Until now, dissecting the brains of victims has offered the only way to detect such brain-wasting diseases in humans.
These diseases are caused by agents called prions. Researchers led by neurology professor Claudio Soto at the University of Texas Medical Branch at Galveston report they have developed a method of multiplying the number of prions in a blood sample so a blood test then can detect them.
Such a test could help prevent the spread of the disease through transfusions and could detect the illness in people or animals before it can be spread to others.
The findings, to appear in the September issue of the journal Nature Medicine, were released online yesterday.

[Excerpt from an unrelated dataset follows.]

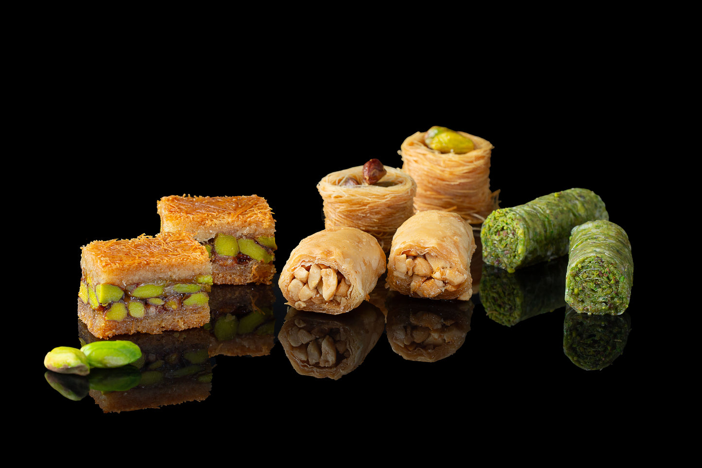 - Varietà di gusti: Scegli tra baklava al pistacchio, alle noci, agli anacardi e alle nocciole.

The first known prion disease was scrapie, which has infected sheep for many years. In the 1980s, Britain had an outbreak of bovine spongiform encephalopathy, better known as mad-cow disease, which spread to Europe and other areas. Two cows have been found with the illness in the United States.
The human form of the illness is called variant Creutzfeld-Jakob disease and is thought to have originated from eating infected beef. It has killed about 180 people worldwide. Symptoms can take years to develop.
In addition to improving the safety of the blood supply, a practical test could help find infected people and animals before they show symptoms.
"It is very important because we could have an idea of the magnitude of the problem. We might be sitting on a time bomb, and 20 years from now it could be too late," Soto said.
Soto's research team infected 18 hamsters with prions. Scientists used their process to amplify the prions in blood samples from the hamsters. Blood from 12 uninfected hamsters went through the same process.
Blood tests then were able to detect the prions in 16 of the 18 infected animals.